In an effort to delineate the roles of endogenous collagenases during osteoclastogenesis, the expression of MMP1, MMP8, and MMP13 was examined in BMMs treated with M-CSF and RANKL (Figure 1A). The expression levels of both MMP8 and MMP13 were highest at day 0 and significantly decreased during osteoclast differentiation. The expression of MMP1 was almost negligible in mouse BMMs. To further examine the expression of collagenases in protein level, Western blot analyses were performed. As shown in Figure 1B, the expression of both MMP8 and MMP13 significantly decreased over time after the addition of RANKL in osteoclast precursors. To evaluate the direct effect of collagenases on osteoclast differentiation, MMP13 was knocked down.

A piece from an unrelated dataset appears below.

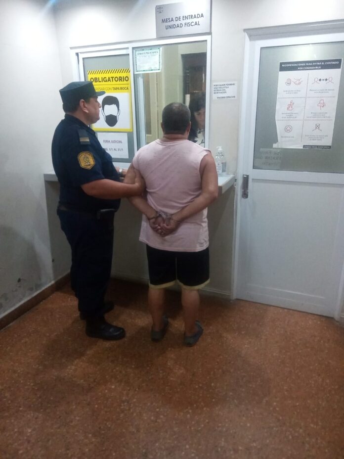 Once menos cuarto de la mañana de este jueves ingresó a la Fiscalía de Concordia, acompañado por una incalculable cantidad de torpes policías que no dejaban trabajar a la prensa, el imputado de violaciones seriales en perjuicio de sus dos hijastras de 9 y 3 años y de haber apuñalado a su tío en la noche de año nuevo.
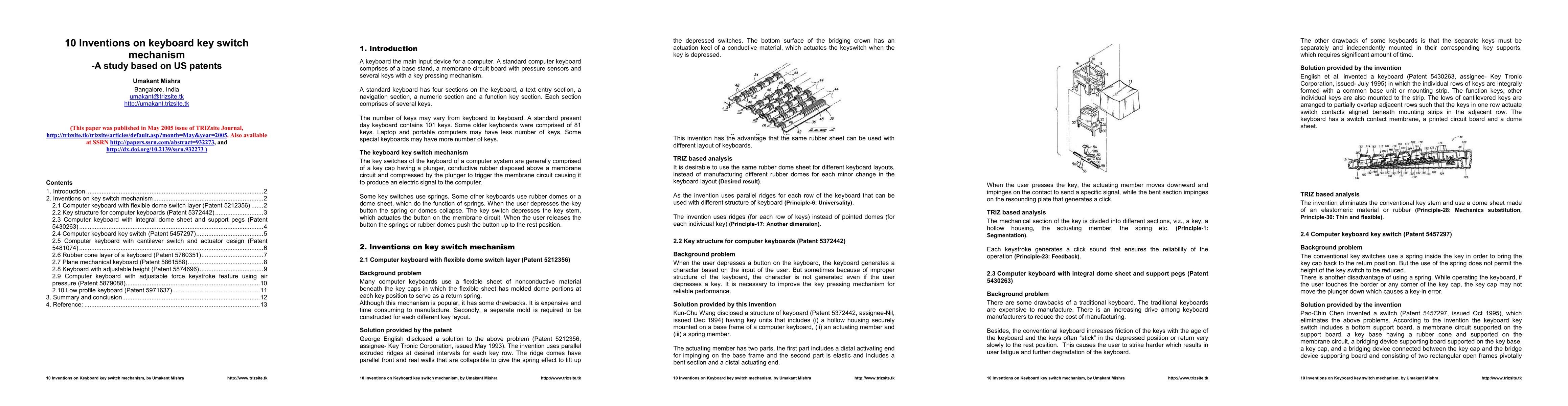 This paper reviews 10 patented inventions aimed at improving computer keyboard key switch mechanisms, focusing on simplifying design, reducing costs, and enhancing durability and reliability through various spring and dome-based technologies.

Figure 1C shows that MMP13 expression was efficiently suppressed both in mRNA (upper panel) as well as in protein level (lower panel) by the treatment of BMMs with a siRNA targeting MMP13. When these cells were incubated in the presence of M-CSF and RANKL, there was an apparent increase in the size of TRAP-positive multinuclear osteoclasts after MMP13 knock-down (Figure 1D). Interestingly, however, there was no significant change in the number of osteoclasts (Figure 1E). The box and whisker plot for the distribution of osteoclast size in Figure 1F indicates that the median size of osteoclasts is more than four times larger in MMP13 knock-down cells compared with control. Similarly, MMP8 was also effectively knocked down in mouse BMMs both in mRNA and protein level using a siRNA targeting MMP8 (Figure 1G). BMMs treated with control or MMP8 siRNA were stained for TRAP activity after culturing with M-CSF and RANKL (Figure 1H). Although the number of osteoclasts formed exhibited no significant difference (Figure 1I), the median size of the mature osteoclasts was almost twice larger in MMP8 knock-down cells compared with control (Figure 1J).

Figure 1.

Figure 1

The role of matrix metalloprotease (MMP)8 and MMP13 on osteoclast differentiation. (A) Bone marrow macrophages (BMMs) were cultured in the presence of macrophage-colony stimulating factor (M-CSF) and receptor activator of nuclear factor κB ligand (RANKL) for 3 days, and the expression of collagenases was determined by real-time RT-PCR analysis. (B) BMMs were cultured as in (A) were lysed and subjected to Western blot analyses. (C) BMMs were cultured in the presence of MMP13-siRNA for 2 days and the expression of MMP13 was confirmed by real-time RT-PCR analysis (upper panel) and Western blot (lower panel). (D) Cells in (C) were further cultured in the presence of M-CSF and RANKL for 5 days and stained for tartrate-resistant acid phosphatase (TRAP) activities. (E) The number of TRAP-positive osteoclasts with more than 3 nuclei was counted from experiments in (D). (F) The size of osteoclasts was measured from the experiments in (D). (G) The MMP8 mRNA and protein expression were examined after culturing BMMs with MMP8-siRNA for 2 days. (H) Cells in (G) were further cultured in the presence of M-CSF and RANKL for 5 days and stained for TRAP activities. (I) The number of osteoclasts was counted from experiments in (H). (J) The osteoclast size from the experiments in (H) was measured. Data are mean ± SD of triplicate experiments representative of three independent experiments. **, p < 0.01 versus control. Scale bars indicate 100 μm.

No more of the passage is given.